Data for the benchmark can be generated using your favorite programming language. For example, using Haskell:
```hs
-- data-gen.hs
import System.Environment
import Data.Maybe
main = do
args <- getArgs
let
numOfRows = maybe 500 read $ listToMaybe args
divEveryRows = maybe 80 read $ listToMaybe $ drop 1 args
putStrLn $ "Number of rows: " <> show numOfRows
putStrLn $ "Number of unique authors used: " <> show divEveryRows
let
sql i = "insert into author(name) values ('Title " <> show i <> "');"
writeFile "insert_author.sql" $ unlines $ map sql [1..numOfRows]
let
sql i = "insert into article(title, author_id) values ('Title " <> show i <> "', " <> show (i `mod` divEveryRows) <> ");"
writeFile "insert_article.sql" $ unlines $ map sql [1..numOfRows]
```
This snippet above generates sql insert statements for our tables which can be later inserted into postgres.
#### Pgbench
We can measure our query with pgbench with the following (or similar) invocation, which limits the benchmark time (`-T`) to 20 seconds,
and uses a single client (`-c`).
```sh
pgbench -c 1 -T 20 -n -U <username> -d <database> -p 5432 -h 127.0.0.1 -f <queryfile.sql> 2> /dev/null
```
#### One script to rule them all
All of the above steps can be glued together by a simple bash script:
```sh
#!/bin/bash
echo "* Generating data..."
runghc data-gen.hs 1000 200
echo "* Creating schema and inserting data..."
PGPASSWORD=postgres psql -h 127.0.0.1 -p 25432 postgres -U postgres -f tables.ddl > /dev/null
PGPASSWORD=postgres psql -h 127.0.0.1 -p 25432 postgres -U postgres -f insert_author.sql > /dev/null
PGPASSWORD=postgres psql -h 127.0.0.1 -p 25432 postgres -U postgres -f insert_article.sql > /dev/null
echo "* Benchmarking..."
echo ""
echo "-------------------------"
echo "** Query 1: <description>"
echo "-------------------------"
PGPASSWORD=postgres pgbench -c 1 -T 20 -n -U postgres -d postgres -p 25432 -h 127.0.0.1 -f <query_1>.sql 2> /dev/null
echo "-------------------------"
echo "** Query 2: <description>"
echo "-------------------------"
PGPASSWORD=postgres pgbench -c 1 -T 20 -n -U postgres -d postgres -p 25432 -h 127.0.0.1 -f <query_2>.sql 2> /dev/null
```
Which can be run by starting a postgres database with `scripts/dev.sh postgres` and running `bash script.sh`.
#### Compare the results
One simple metric we can use to compare the results of two queries is to look at the transactions rate.
The benchmark which managed to complete more transactions in a specific time frame is often faster.
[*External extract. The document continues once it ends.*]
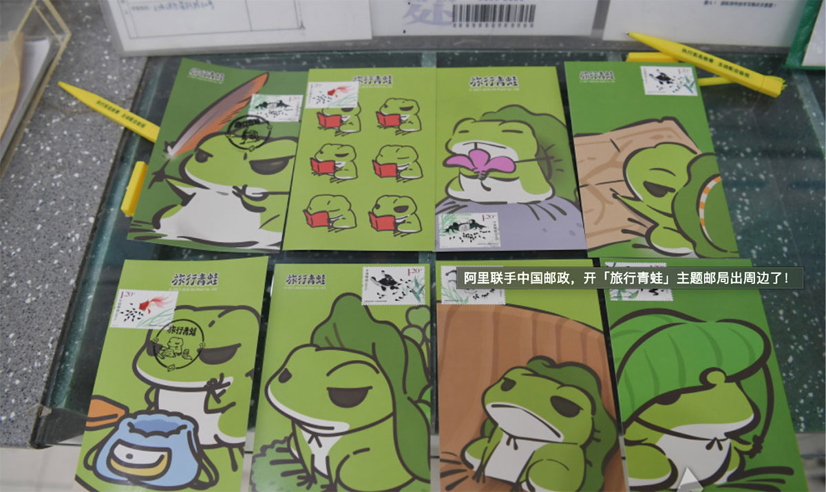 自阿里巴巴获得Hit-Point旅行青蛙授权,在手机淘宝内置了《旅行青蛙·中国之旅》小游戏之后,这次又联手中国邮政,直接在上海的徐汇支局、浦东蓝村路支局开了旅游青蛙主题邮局。

__Note__: Benchmark results can vary for many reasons, such as the state of the machine and the processes running in parallel. It is important to take that into account when measuring, and considering benchmarking multiple times.
```
---------------------------
** Query 1: Without LIMIT 1
---------------------------
pgbench (14.1, server 12.6)
transaction type: no_limit.sql
scaling factor: 1
query mode: simple
number of clients: 1
number of threads: 1
duration: 20 s
number of transactions actually processed: 6624
latency average = 3.019 ms
initial connection time = 2.930 ms
tps = 331.190445 (without initial connection time)
------------------------
** Query 2: With LIMIT 1
------------------------
pgbench (14.1, server 12.6)
transaction type: with_limit.sql
scaling factor: 1
query mode: simple
number of clients: 1
number of threads: 1
duration: 20 s
number of transactions actually processed: 5822
latency average = 3.435 ms
initial connection time = 3.523 ms
tps = 291.082637 (without initial connection time)
```
From looking at the transactions rate, we can see that `6624` manage to complete for the first query, but only `5822` transactions coleted for the second query.
This makes the first query faster by `6624 / 5822 * 100 - 100 = roughly 13%`. For the usecase and data we measured.